GM: Well, it was inevitable, of course, that they be merged, because the programme was duplicatory. We were more than half military aid, which the Marshall Plan was not, and our economic aid was almost exclusively to Greece, which was in the worst shape economically. But when the... when the new Plan came in, the economic portion of our programme was left out of the budget requests and put into budget requests for the Marshall Plan. The... ensuing difficulties arose from the fact that although the Marshall Plan was introduced just two months after our programme... because it was really the (unclear) that forced the issue, that said, "If you're going to help these two small countries, minor allies, or potential allies, why don't you do something about our alliin the war who really face difficulties and really face Communist pressures?" So it was inevitable that the Marshall Plan come. And I believe the effect on Greece and Turkey was not too great, to have the change-over, but it took a long timfor the Government to get its appropriations from the Congress. And then it was a very... large organisation, the Marshall Plan... structure, with Averell Harriman being the top man in Europe and Hoffman being the top man in this country, and then having very strong Americans as head in each country, and large staffs in Washington and in Paris and in each country, and when you started something new like this, everyone has ideas, and so you have to get them all straightened and out, and this took time - what were the priorities, how... both (in the respective) countries, and then to the way you spent your money. So there was a big gap in Greece and Turkey while we waited for the Marshall Plan to get started. But once it got started, of course, it was very constructive and helped both countries with their economies. We had done less on that in Turkey than we had in Greece.

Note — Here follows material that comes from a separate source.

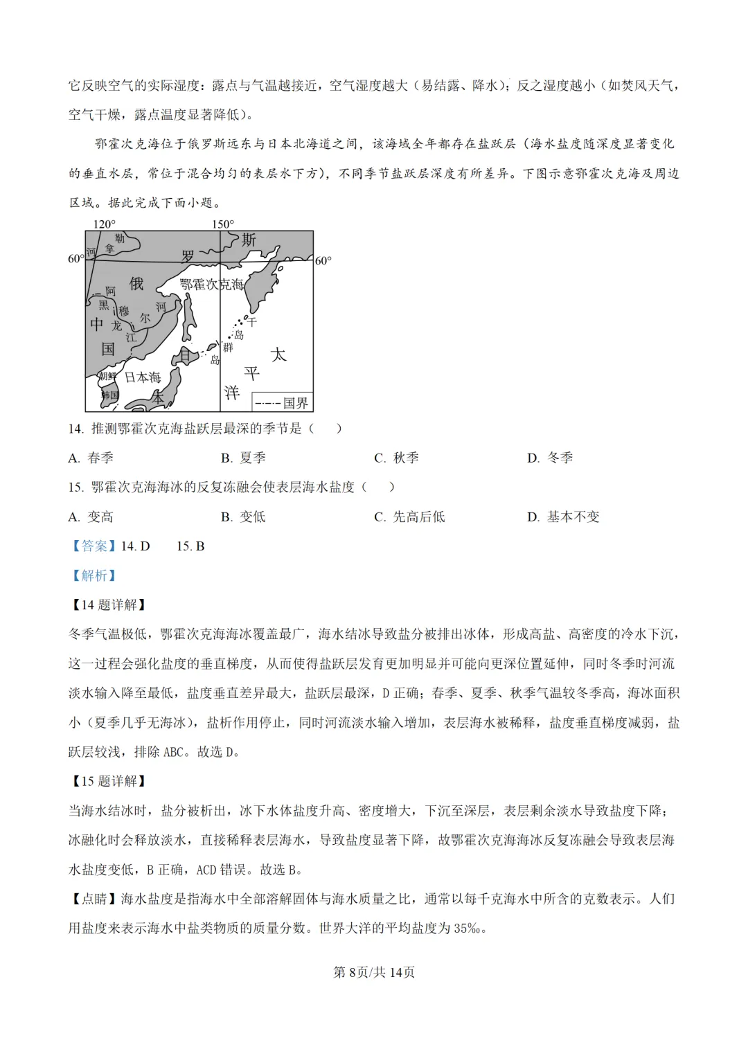 【地理热点】解析:2025年高考山东卷地理高考真题解析(参考版)

INT: How important to Greece was the rebuilding of the Piraeus Harbour?

GM: Well, it's their main port, almost their only port, apart from Salonica.

INT: Sorry, I'll just ask you again - if you could just say that "Piraeus was their most important harbour" rather than saying "it was their..."

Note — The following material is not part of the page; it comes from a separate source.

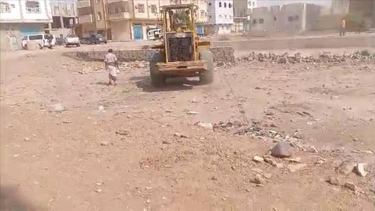 صور - حملة لإزالة عشوائيات وتعديات طالت مواقع خدمية في منطقة بئر فضل بعدن

GM: Yeah. Sorry. Shall we do that over, then?

INT: Yes. I'll ask the question again, if you like. How important to the Greek economy was the rebuilding of the Piraeus Harbour?

GM: Well, the Piraeus Harbour, of course, was of prime importance. It's by far the largest harbour, and apart from Salonica there weren't other really main harbours. And of course, it was only a short distance, some seven miles from Athens, the principal city. It was at one end of the Corinth Canal which the Germans had dynamited and opened up and so the walls fell down and blocked the Corinth Canal which saved 200 miles in going around the Peloponnesus. I just happened to be in Turkey on one of my regular trips there, when they allowed me to cut the ribbon that opened the Corinth Canal to the first ship going through. In addition to the Piraeus Harbour, though, the Germans, in retiring from Turkey and Greece, blew up all the bridges and destroyed the roads in so far as they could, just to be sure that the Allies didn't profit from taking it.